Data items
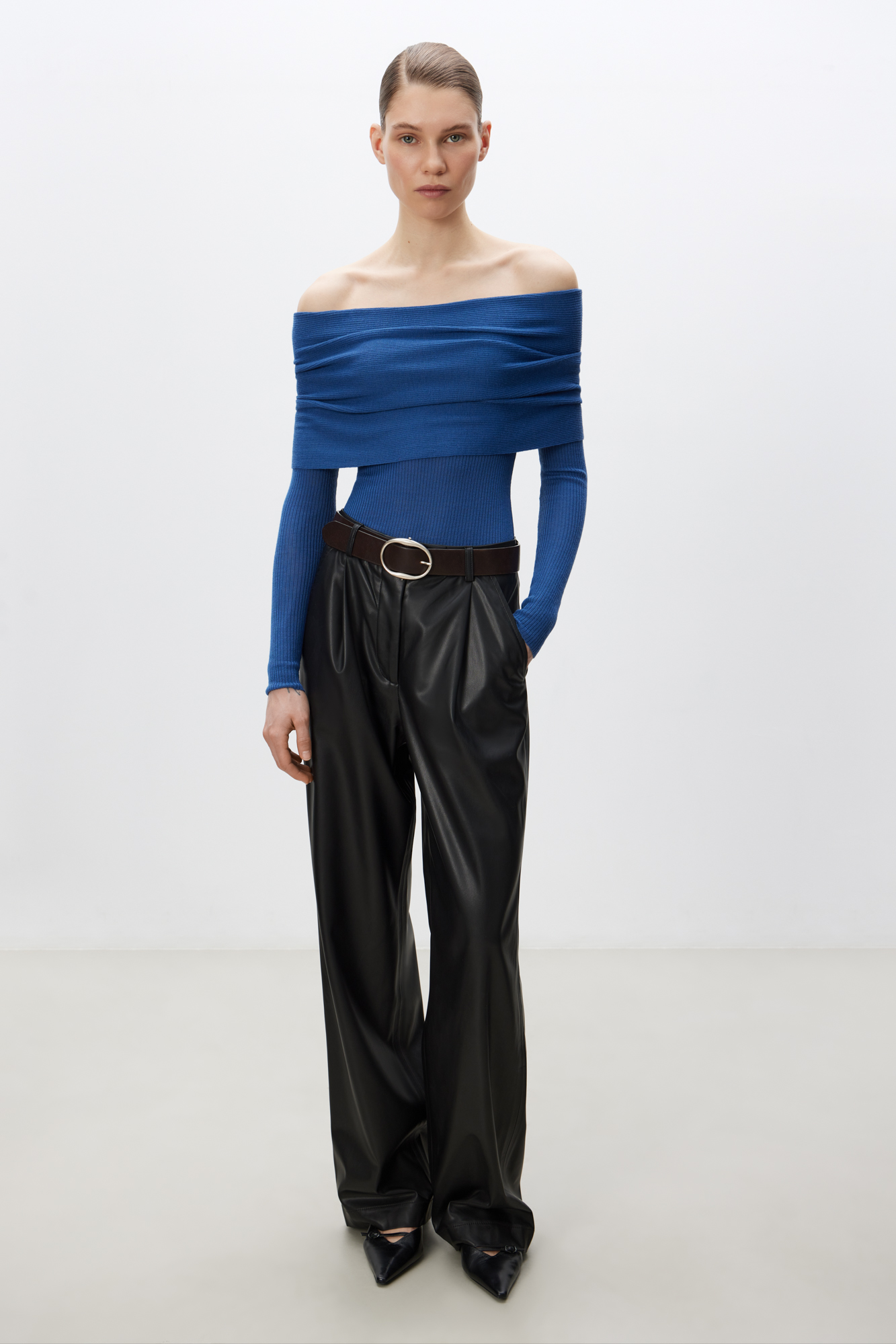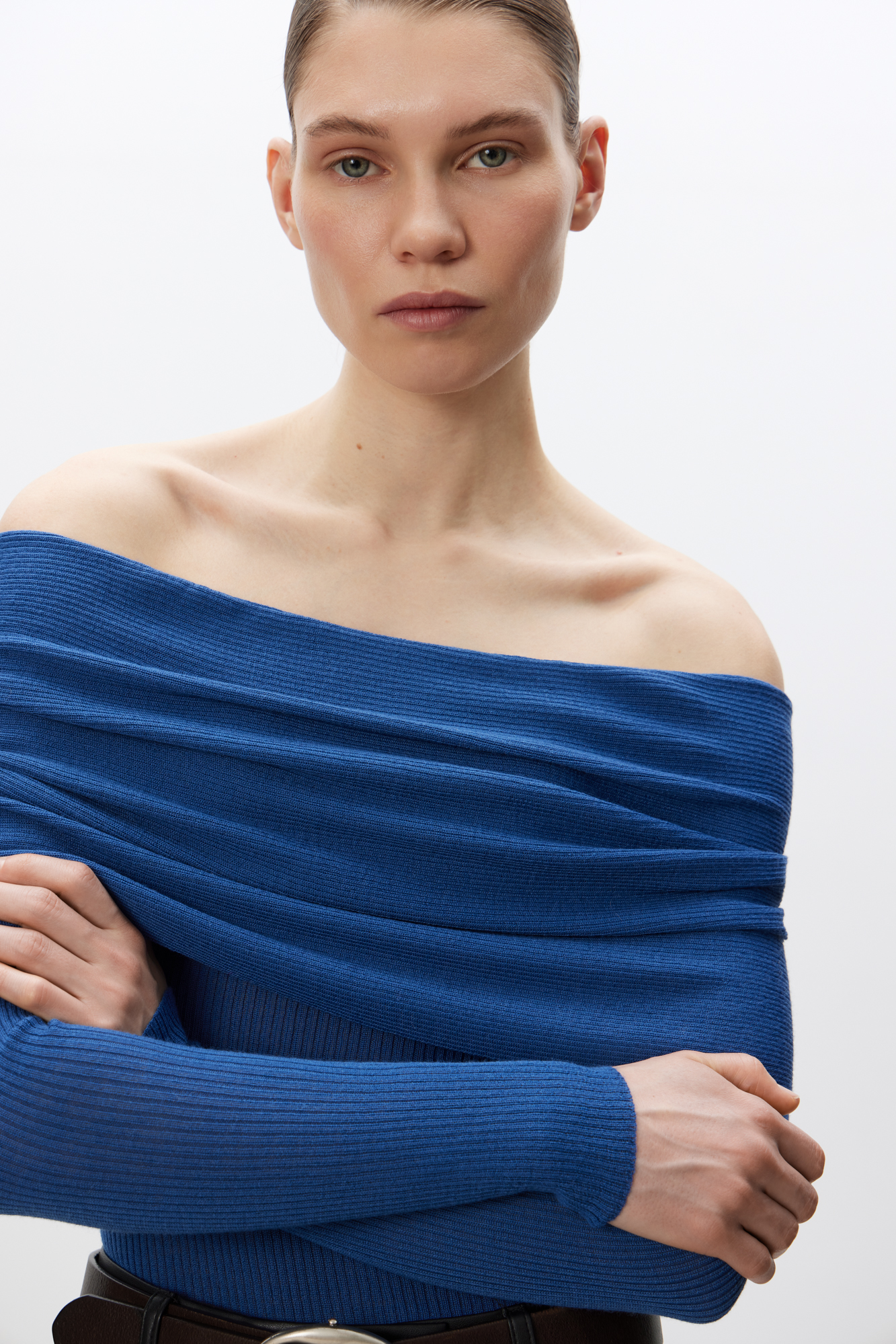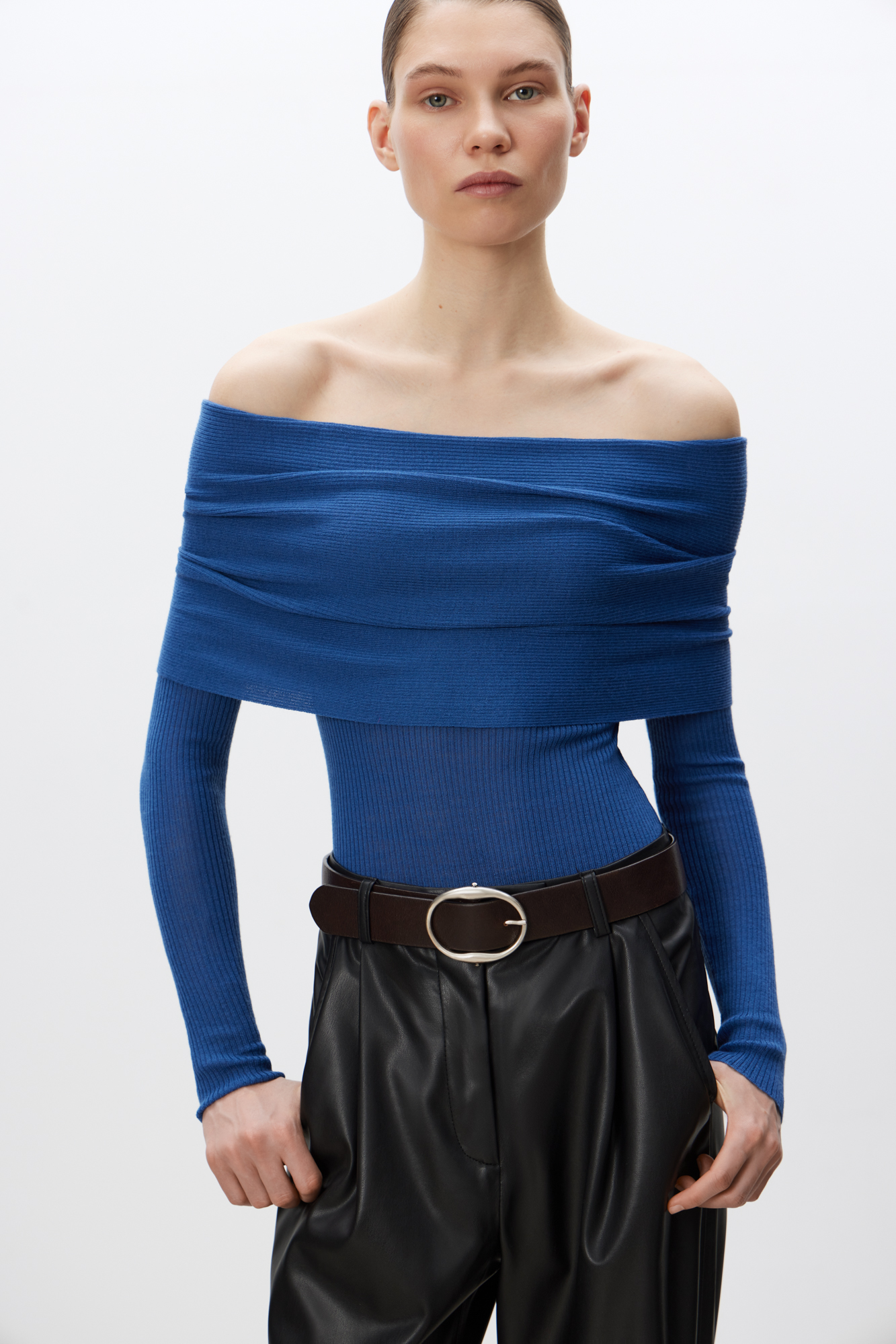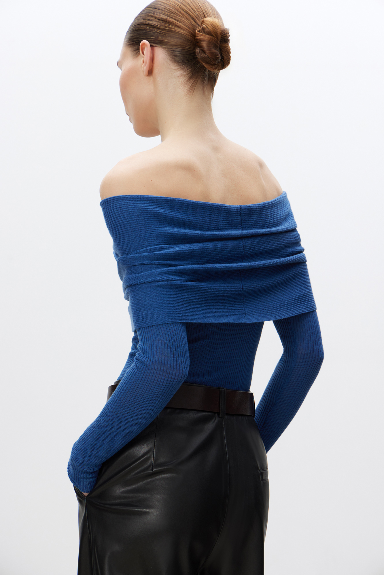 Трикотажный шерстяной топ с длинным рукавом и открытой линией плеч.
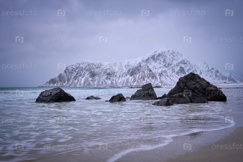 Волны на побережье Норвежского моря в фьорде. пляж Скагсанден, Флакстад, Лофотенские острова, Норвегия длительное воздействие движения размыто
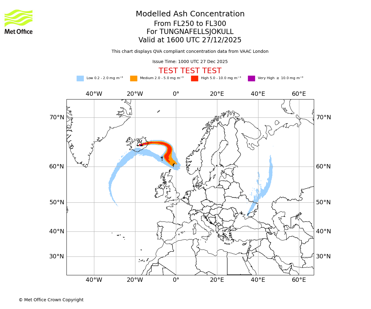 Modelled ash concentration from 250 to 300 for TUNGNAFELLSJOKULL. Valid at 1300 UTC 27/12/2025
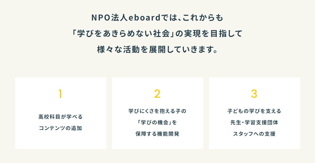 NPO法人eboardでは、これからもミッション「学びをあきらめない社会」の実現を目指し、取り組みを継続していきます。これまでのICT教材eboardの開発・運営のみならず、今後は特に下記3つの活動を展開することを目標にしています。
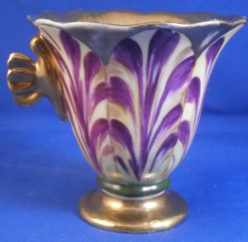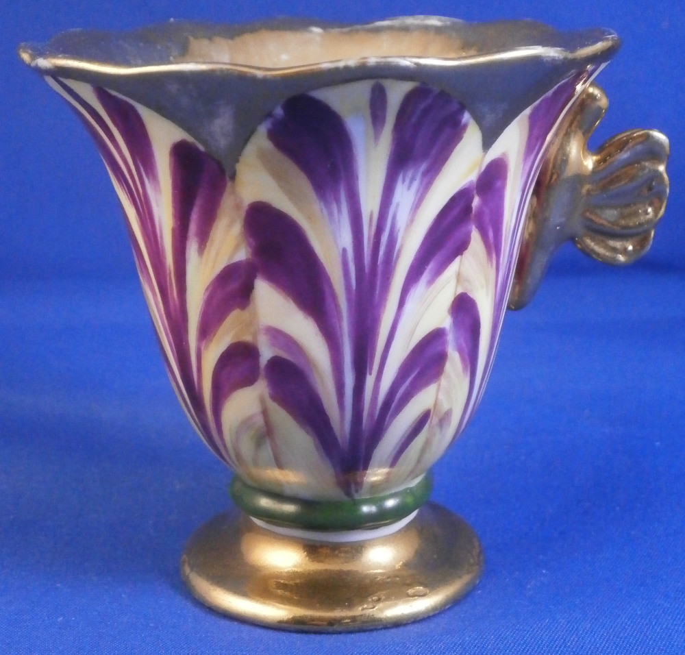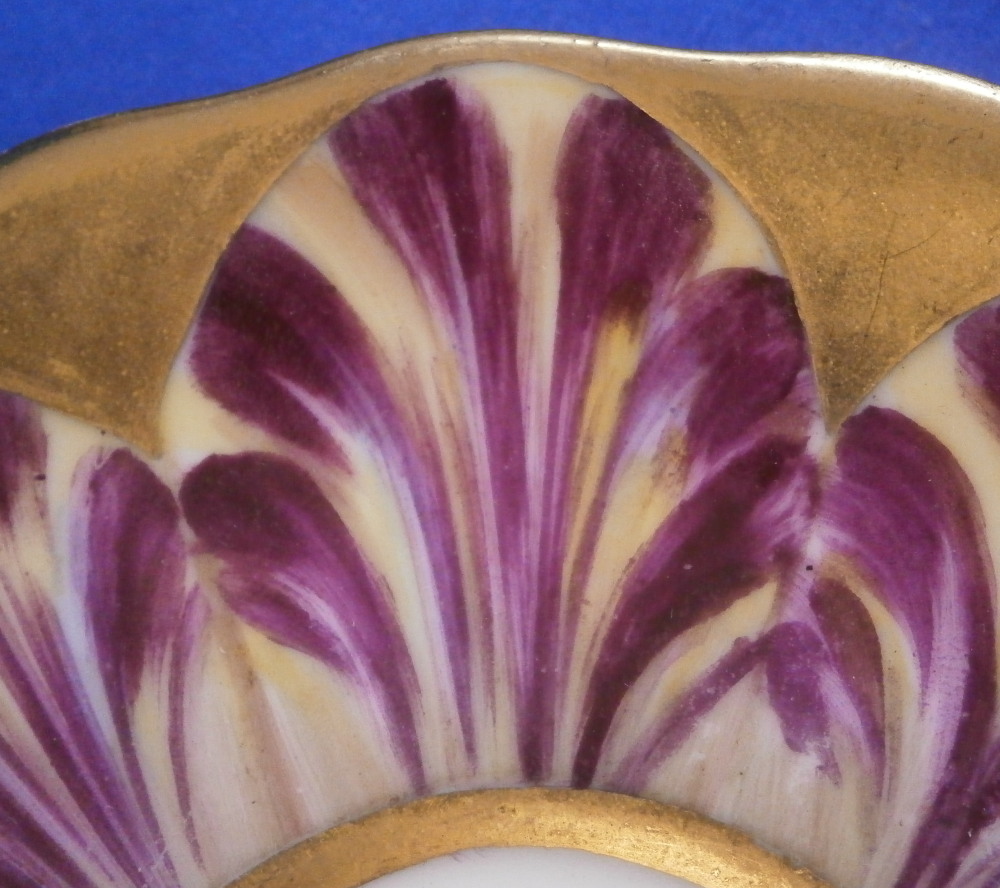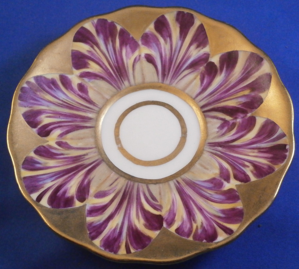 This is a superb cup and saucer made most likely by one of the better Paris region makers in the early 19th century. I know his design was made by Flamen-Fleury (1816-1828) as well as Spode but I am not sure if others made it as well. Supposedly made for custard though that seems a bit odd as these usually did not have saucers. Either ay a really cool looking cup and saucer. Nice hand painted tulip flower petal design all around with gilding filling in the rest of the space and a gold butterfly as the handle. Inside of the cup is fully gilded as well. A truly magnificent set! It is in good condition with some wear though not bad at all. There is a small chip to the bottom edge of the cup as shown. Not obvious at all when on display as it is mainly to the underside. Now for the odd part - both underside except the rim of the saucer are unglazed. Never seen that before. There are remnants of something blue under the saucer but dowubt it is a remnant of any sort of mark. Definitely not a Spode example judging by the paste. The cup is 3 inches tall and 3 inches in diameter. The saucer is 0.875 inch tall and 5.125 inches in diameter. Please email me for more information or other pictures.
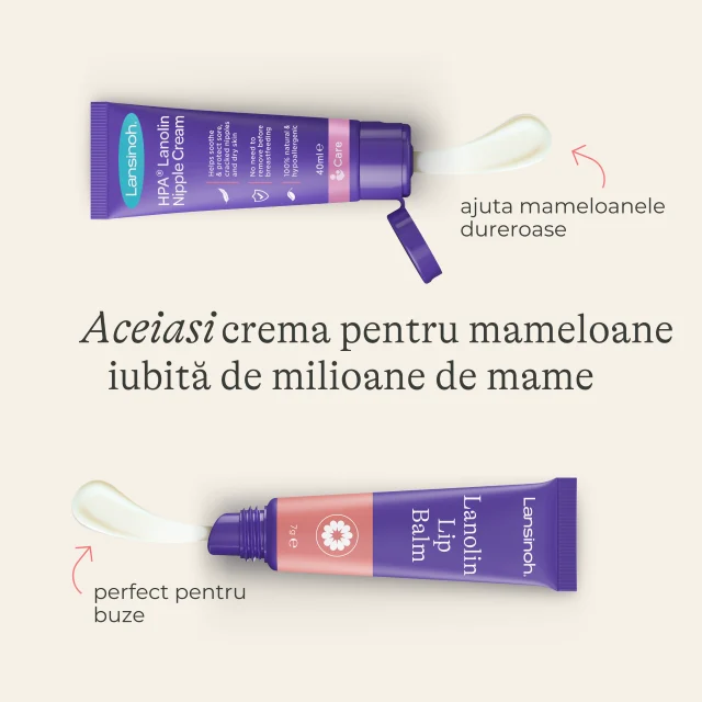 - ● Lanolina balsam de buze de la Lansinoh este o crema hidratanta bogata si eficienta, care ajuta la calmarea si protejarea buzelor foarte uscate.

Goal of the exercise:
Transcribe exactly each line of the records from the start up to and including the one with "NPO法人eboardでは、", and leave out every picture.

Exercise solution:
 Трикотажный шерстяной топ с длинным рукавом и открытой линией плеч.
 Волны на побережье Норвежского моря в фьорде. пляж Скагсанден, Флакстад, Лофотенские острова, Норвегия длительное воздействие движения размыто
 Modelled ash concentration from 250 to 300 for TUNGNAFELLSJOKULL. Valid at 1300 UTC 27/12/2025
 NPO法人eboardでは、これからもミッション「学びをあきらめない社会」の実現を目指し、取り組みを継続していきます。これまでのICT教材eboardの開発・運営のみならず、今後は特に下記3つの活動を展開することを目標にしています。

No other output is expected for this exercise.